Hi
sorry for my late response but yesterday I did some private work.
Back to your first response:
This is hardware part related. The 6040 card has a internal reference of +-10 Volt in bipolar mode. The DAC has a resolution of 12 bit. This will result in steps of 4.88 mV per bit. A sine with 5mV amplitude will give 0 mV, 4.88 mV, 0 mV, -4.88 mV which is more a rectangular wave than a sine. The best solution for this is to use external reference voltage. I do not have any experience which will be the smallest voltage you can use and the user manual, as far as I have seen, does not give any hint.
Next is the load. The user manual states that the card can drive -+5mA. If your load needs more current the signal will decrease. You say you
will have no signal when connecting the UUT I think there is a short circuit in the input of the UUT. Have you checked this?

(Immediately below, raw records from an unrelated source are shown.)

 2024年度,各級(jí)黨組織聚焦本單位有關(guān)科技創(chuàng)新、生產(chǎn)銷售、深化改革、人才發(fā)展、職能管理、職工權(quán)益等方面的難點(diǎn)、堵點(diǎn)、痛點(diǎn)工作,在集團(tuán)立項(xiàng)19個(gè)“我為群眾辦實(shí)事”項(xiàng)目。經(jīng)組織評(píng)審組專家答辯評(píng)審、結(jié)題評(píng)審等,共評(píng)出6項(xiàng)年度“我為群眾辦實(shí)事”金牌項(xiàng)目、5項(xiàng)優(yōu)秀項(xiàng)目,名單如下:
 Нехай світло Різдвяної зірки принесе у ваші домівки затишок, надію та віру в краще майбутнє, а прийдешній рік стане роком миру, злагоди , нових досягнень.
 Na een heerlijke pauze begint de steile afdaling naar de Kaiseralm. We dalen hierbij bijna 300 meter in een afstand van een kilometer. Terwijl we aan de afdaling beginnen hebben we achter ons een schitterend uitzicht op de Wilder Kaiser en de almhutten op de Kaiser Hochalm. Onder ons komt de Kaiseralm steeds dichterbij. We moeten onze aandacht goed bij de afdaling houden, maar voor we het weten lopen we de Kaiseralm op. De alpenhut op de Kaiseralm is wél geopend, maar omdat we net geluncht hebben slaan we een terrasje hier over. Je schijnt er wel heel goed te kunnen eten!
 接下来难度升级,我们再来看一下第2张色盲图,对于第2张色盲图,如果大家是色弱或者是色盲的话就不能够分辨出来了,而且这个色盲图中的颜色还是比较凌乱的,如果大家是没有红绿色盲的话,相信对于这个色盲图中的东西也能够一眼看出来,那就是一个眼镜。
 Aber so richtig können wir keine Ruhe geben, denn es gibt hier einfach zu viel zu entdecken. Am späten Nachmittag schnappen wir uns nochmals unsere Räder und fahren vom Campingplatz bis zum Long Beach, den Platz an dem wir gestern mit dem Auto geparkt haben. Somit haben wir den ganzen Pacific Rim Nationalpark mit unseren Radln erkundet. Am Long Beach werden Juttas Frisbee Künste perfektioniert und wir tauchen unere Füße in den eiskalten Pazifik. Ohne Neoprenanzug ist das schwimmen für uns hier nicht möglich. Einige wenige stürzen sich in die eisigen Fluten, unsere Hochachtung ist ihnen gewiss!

Why have you measured 5 mV at the input of ACH0? The solution is the following: The last generated output will remain when the signal generation is ready. If your waveform ends with 5 mV then this voltage will stay after the genertion. The reading of the waveform will then read in this last sample.
You will not get any error by using AO and AI because both operations use different buffers.
PFI6 and PFI0 are signals also named WFTRIG and TRIG1. These signals are on the connector of the card. WFTRIG is set each time a waveform generation starts and TRIG1 will start a waiting waveform read.
For an example I have you to wait until tomorrow because I will test it on the PXI-System in the office.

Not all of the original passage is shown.